#### SUPPLIED DATA

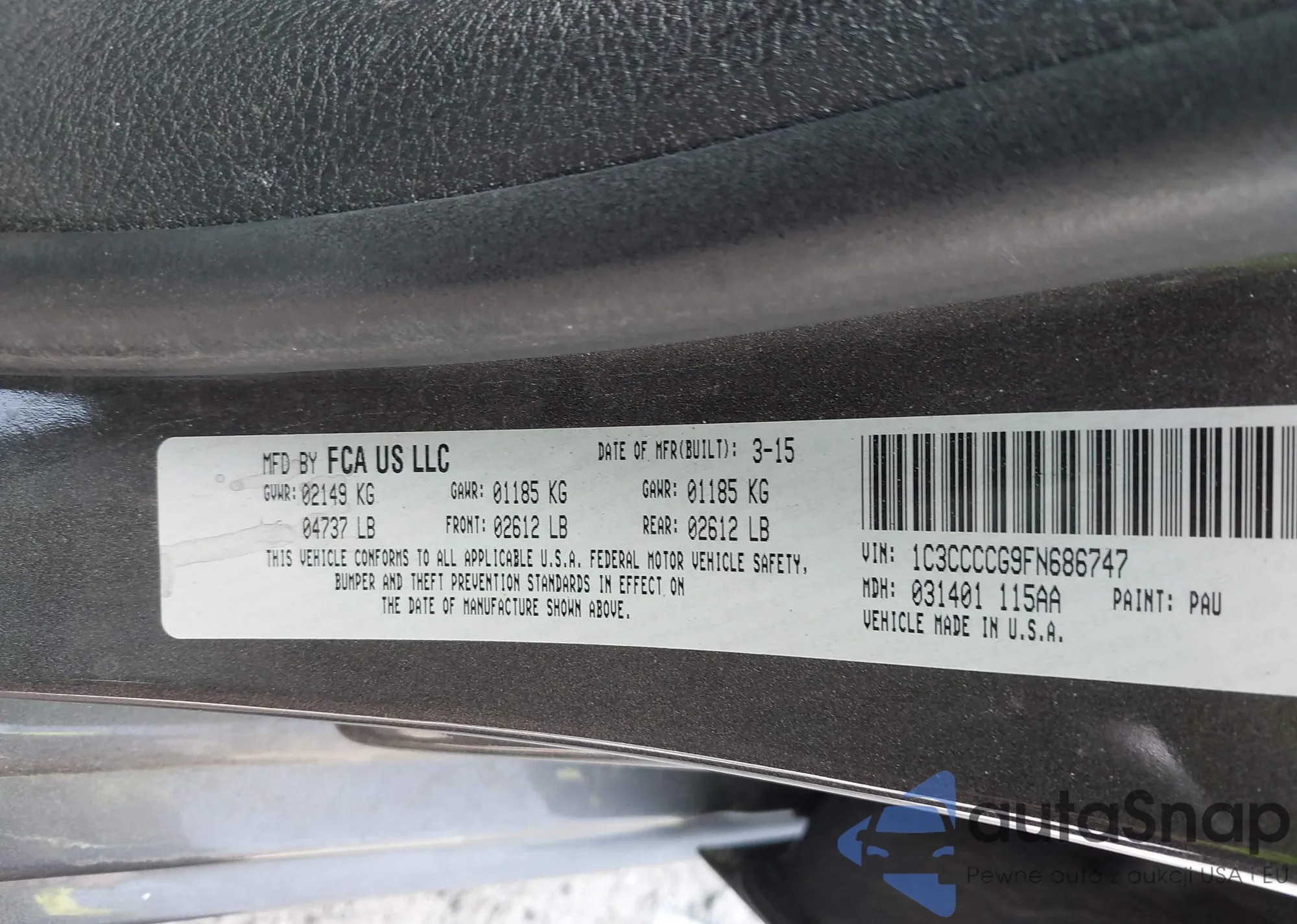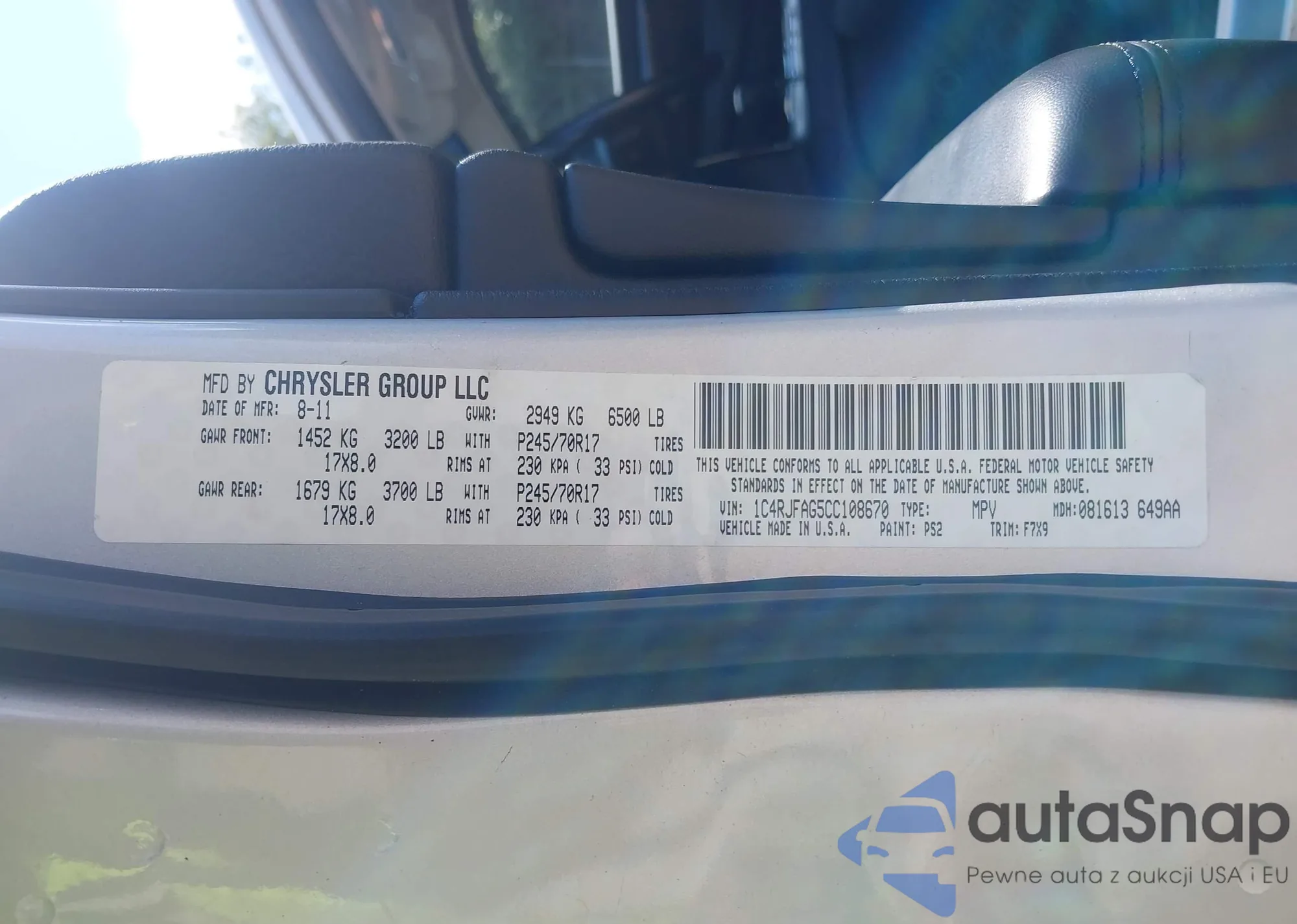 • VIN 1C4RJFAG5CC108670
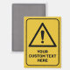 Signo de advertencia amarillo en forma de triángulo con signo de exclamación. Color de fondo personalizado. Texto personalizado.
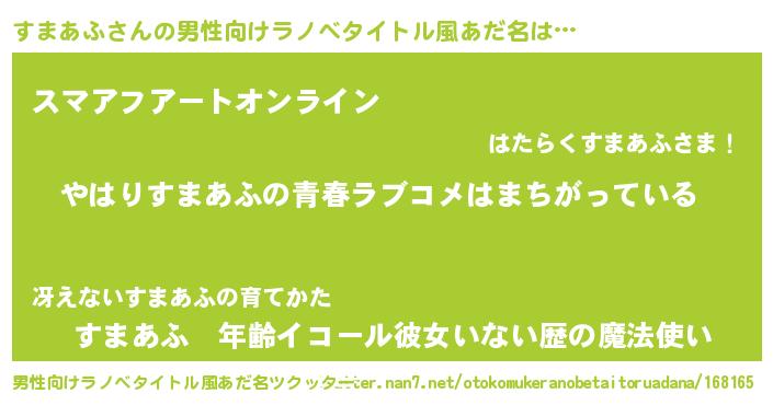 | 胡散臭い通販商品みたいなあだ名 | 『世界が平和になる高級そうな壺…その名も「すまあふ」』 |
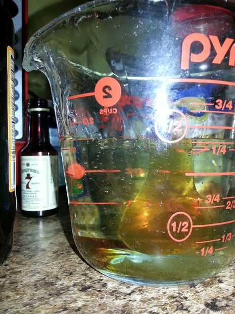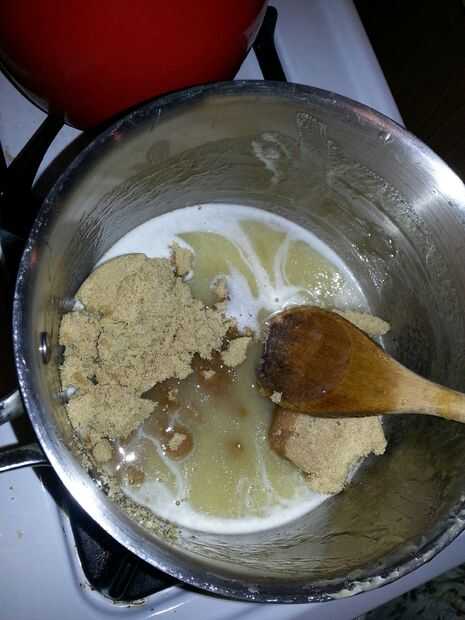 Agregar en la taza llena de azúcar morena, luego el jarabe de maíz / piedra de afilar, y luego la melaza y la vainilla. Revuelva hasta que el azúcar se disuelva. Mientras esto se está calentando, prepárate tus huevos.
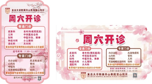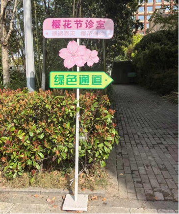2. 停车场及门诊入口等关键位置,张贴樱花氛围的开诊海报,便于市民知晓诊疗信息。
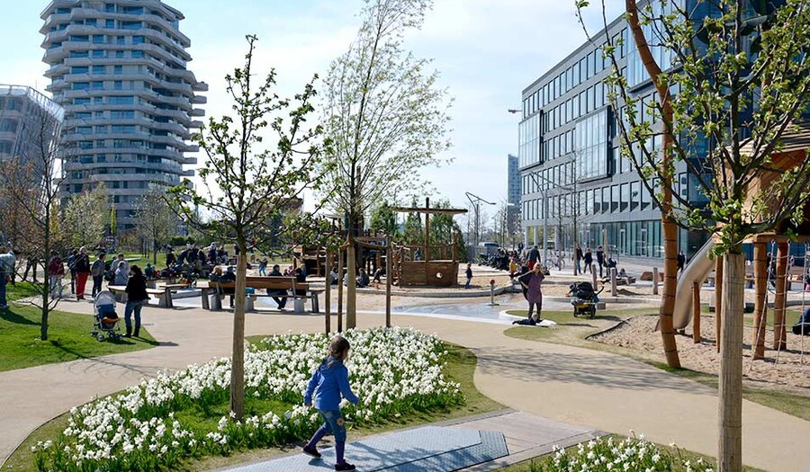 Mit dem Park „Grasbrookpark“ wurde 2013 eine öffentliche Freianlage fertiggestellt, die mit seinem reichhaltigen Angebot an Naherholungs- und Spielfläche den Charakter des Quartier prägt. Die Planung, Genehmigung, Ausschreibung und Realisierung dieses Parks steuerte PRISMA seit Anfang an.
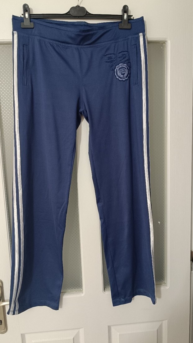 Mavi, bol kesim spor pantolon, kemerli ve yan şerit detaylı, rahat denim görünümlü kumaştan üretilmiştir. ♀️boy 103 bel 47 cm
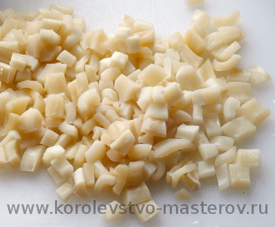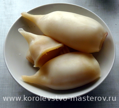 У кальмаров есть одна маленькая неприятная особенность, внутренняя кожица, жёсткая и прочная. Чистить её можно пару часов, на что у меня порой не хватает никакого терпения, а кальмаров я люблю. Здесь есть небольшой секрет, нужно просто мелко покрошить тушку кальмара и кожица станет почти не заметна во время еды :)
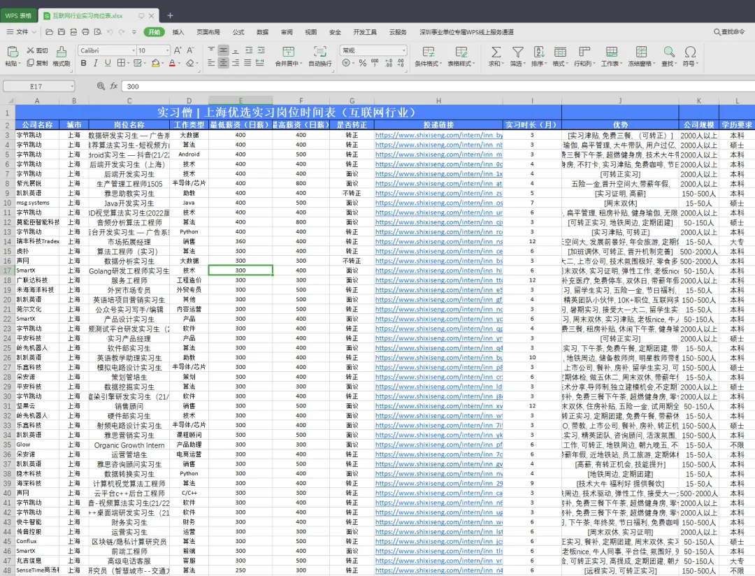 上传的Excel数据包括公司名称、城市、岗位名称、工作类型、最低薪资(日薪)、最高薪资(日薪)、是否转正、 投递链接、实习时长(月) 、优势 、公司规模、学历要求。
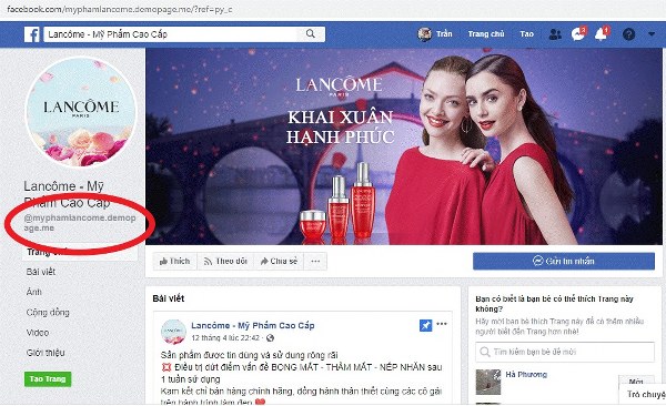 Trong tuần vừa qua, hàng loạt trang Fanpage và website giả mạo Lancôme Việt Nam xuất hiện tràn lan trên Facebook, Instagram và quảng cáo rầm rộ bán mỹ phẩm Lancôme
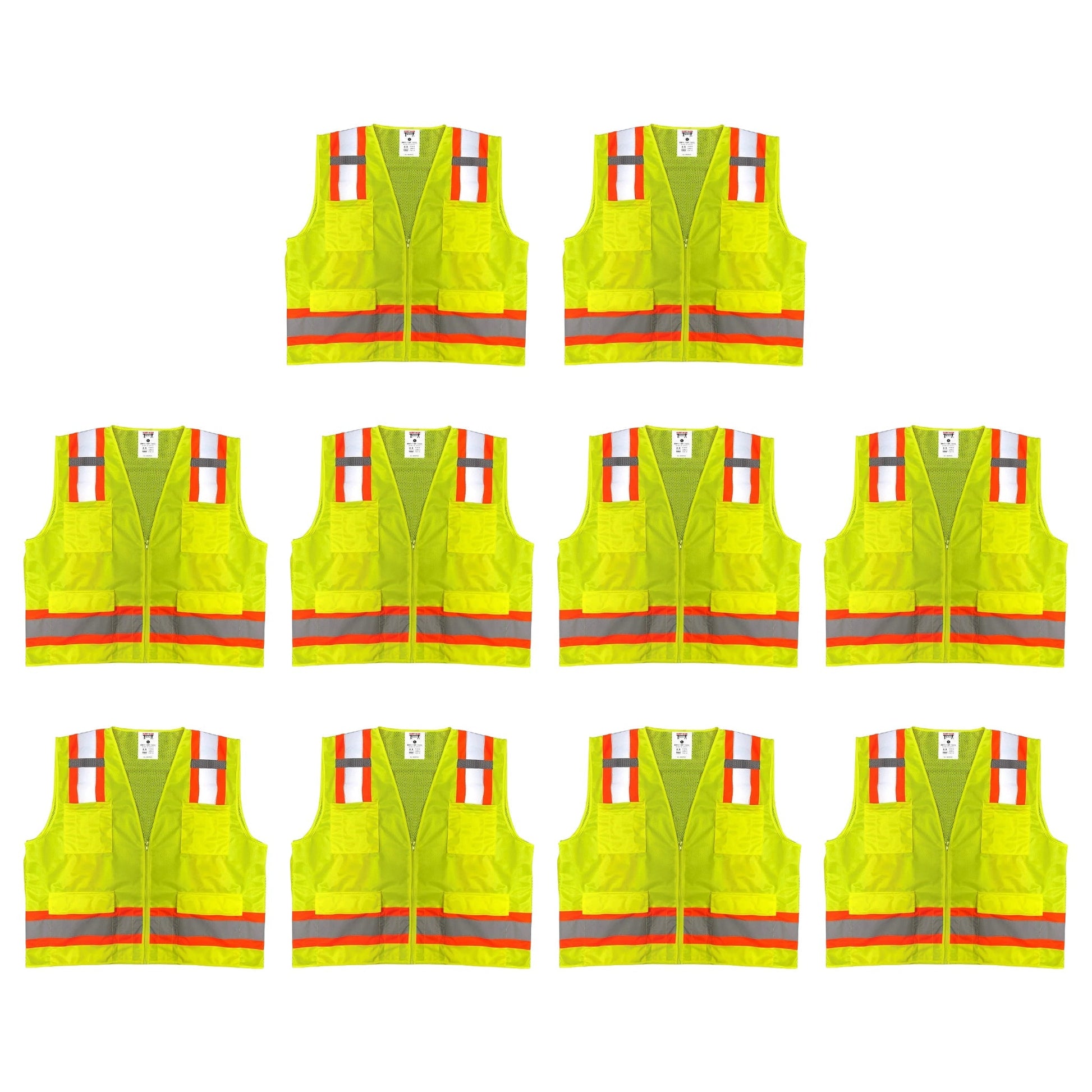 Safety Main 05TTSYZ Surveyor Vest, Class 2, Solid Front, Mesh Back, Hi-Vis Yellow, Pack of 10
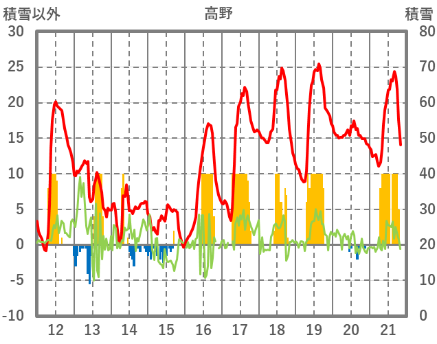 | 日 | 時 | 気温 | 降水 | 風向/風速 | 日照 | 積雪 | 降雪 |
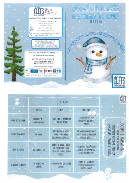 vous propose d'accueillir vos enfants (dès 3 ans et jusqu'à 11 ans) du 30 décembre au 3 janvier.
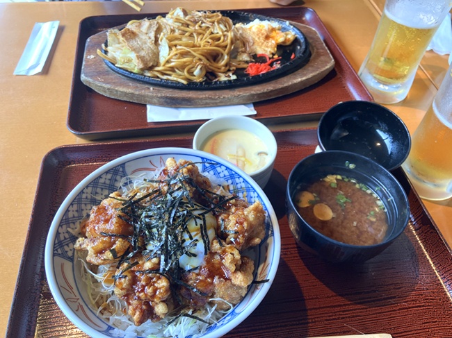 姉さんと温泉♨️姉さんは焼きそば、私は唐揚げ温玉丼とビール🍻
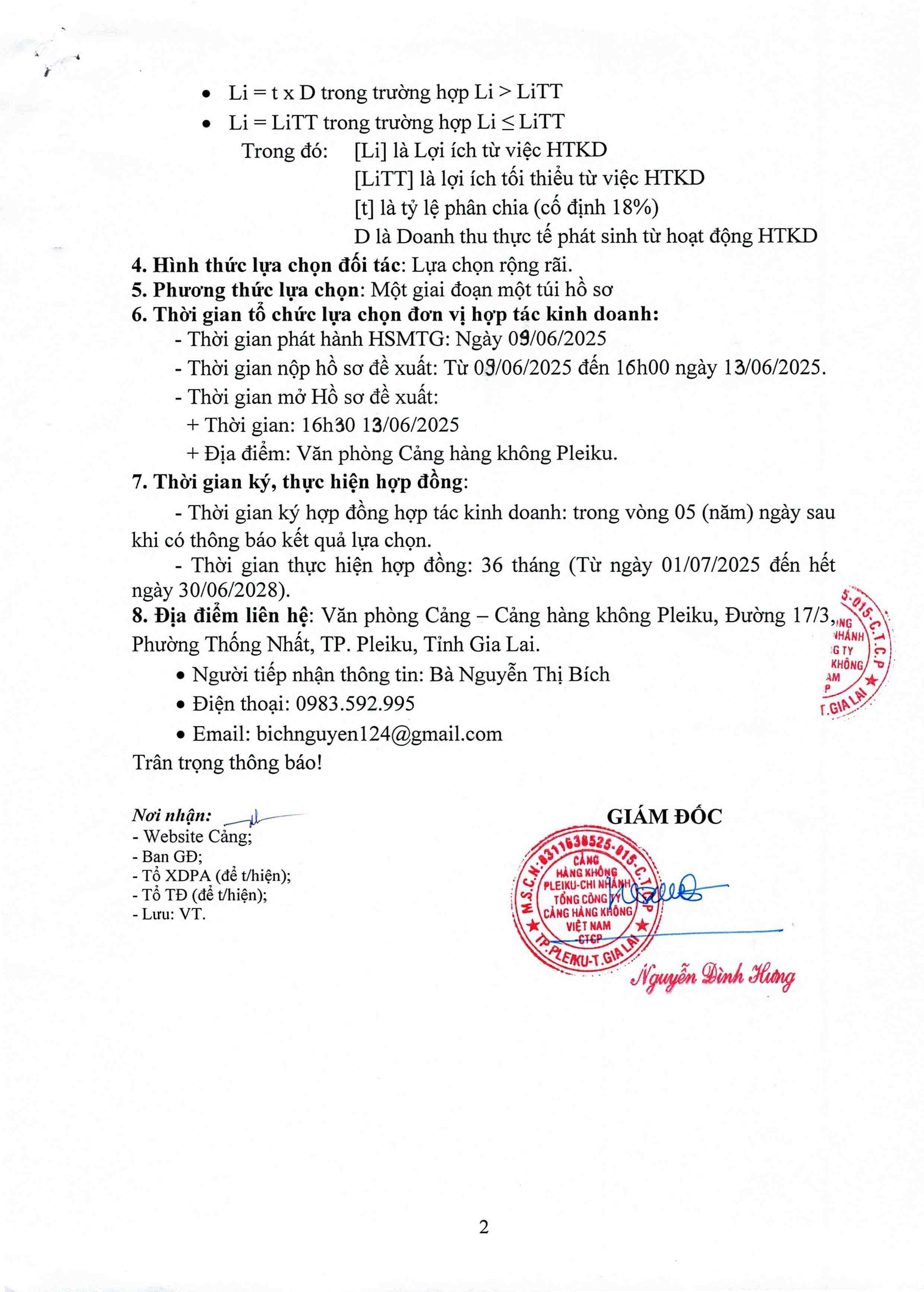 Thông báo về việc Kết quả chào giá “Bảo dưỡng định kỳ hệ thống xử lý nước thải sinh hoạt 06 tháng cuối năm 2025 tại Cảng hàng không Pleiku”
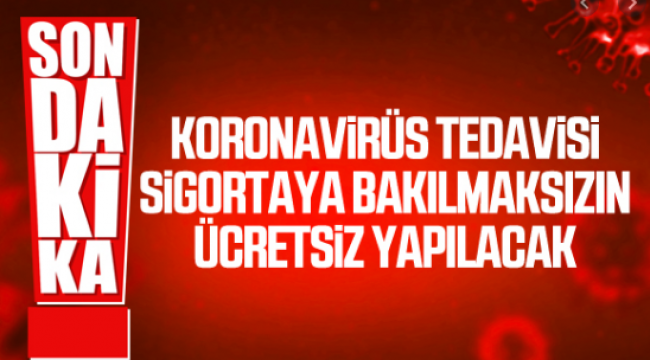 Koronavirüs tedavisine ilişkin çok önemli bir karara daha imza atıldı. Koronavirüse yakalanan tüm vatandaşların tedavisi sosyal güvencesi olup olmadığına bakılmaksızın ücretsiz olarak yapılacak.
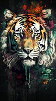 Een betoverende artistieke afbeelding van een tijger. Zijn blik is hypnotiserend, omlijst door weelderige bloemenelementen en vlinders in diep groenblauw en rood. Kleurrijke verfdruppels en een donkere achtergrond geven het een surrealistisch, levendig street art gevoel.

########

- **YOUR TASK**: Give every record again word for word, pictures excluded.

- **EXERCISE ANSWER**:
 • VIN 1C4RJFAG5CC108670
 Signo de advertencia amarillo en forma de triángulo con signo de exclamación. Color de fondo personalizado. Texto personalizado.
 | 胡散臭い通販商品みたいなあだ名 | 『世界が平和になる高級そうな壺…その名も「すまあふ」』 |
 Agregar en la taza llena de azúcar morena, luego el jarabe de maíz / piedra de afilar, y luego la melaza y la vainilla. Revuelva hasta que el azúcar se disuelva. Mientras esto se está calentando, prepárate tus huevos.
2. 停车场及门诊入口等关键位置,张贴樱花氛围的开诊海报,便于市民知晓诊疗信息。
 Mit dem Park „Grasbrookpark“ wurde 2013 eine öffentliche Freianlage fertiggestellt, die mit seinem reichhaltigen Angebot an Naherholungs- und Spielfläche den Charakter des Quartier prägt. Die Planung, Genehmigung, Ausschreibung und Realisierung dieses Parks steuerte PRISMA seit Anfang an.
 Mavi, bol kesim spor pantolon, kemerli ve yan şerit detaylı, rahat denim görünümlü kumaştan üretilmiştir. ♀️boy 103 bel 47 cm
 У кальмаров есть одна маленькая неприятная особенность, внутренняя кожица, жёсткая и прочная. Чистить её можно пару часов, на что у меня порой не хватает никакого терпения, а кальмаров я люблю. Здесь есть небольшой секрет, нужно просто мелко покрошить тушку кальмара и кожица станет почти не заметна во время еды :)
 上传的Excel数据包括公司名称、城市、岗位名称、工作类型、最低薪资(日薪)、最高薪资(日薪)、是否转正、 投递链接、实习时长(月) 、优势 、公司规模、学历要求。
 Trong tuần vừa qua, hàng loạt trang Fanpage và website giả mạo Lancôme Việt Nam xuất hiện tràn lan trên Facebook, Instagram và quảng cáo rầm rộ bán mỹ phẩm Lancôme
 Safety Main 05TTSYZ Surveyor Vest, Class 2, Solid Front, Mesh Back, Hi-Vis Yellow, Pack of 10
 | 日 | 時 | 気温 | 降水 | 風向/風速 | 日照 | 積雪 | 降雪 |
 vous propose d'accueillir vos enfants (dès 3 ans et jusqu'à 11 ans) du 30 décembre au 3 janvier.
 姉さんと温泉♨️姉さんは焼きそば、私は唐揚げ温玉丼とビール🍻
 Thông báo về việc Kết quả chào giá “Bảo dưỡng định kỳ hệ thống xử lý nước thải sinh hoạt 06 tháng cuối năm 2025 tại Cảng hàng không Pleiku”
 Koronavirüs tedavisine ilişkin çok önemli bir karara daha imza atıldı. Koronavirüse yakalanan tüm vatandaşların tedavisi sosyal güvencesi olup olmadığına bakılmaksızın ücretsiz olarak yapılacak.
 Een betoverende artistieke afbeelding van een tijger. Zijn blik is hypnotiserend, omlijst door weelderige bloemenelementen en vlinders in diep groenblauw en rood. Kleurrijke verfdruppels en een donkere achtergrond geven het een surrealistisch, levendig street art gevoel.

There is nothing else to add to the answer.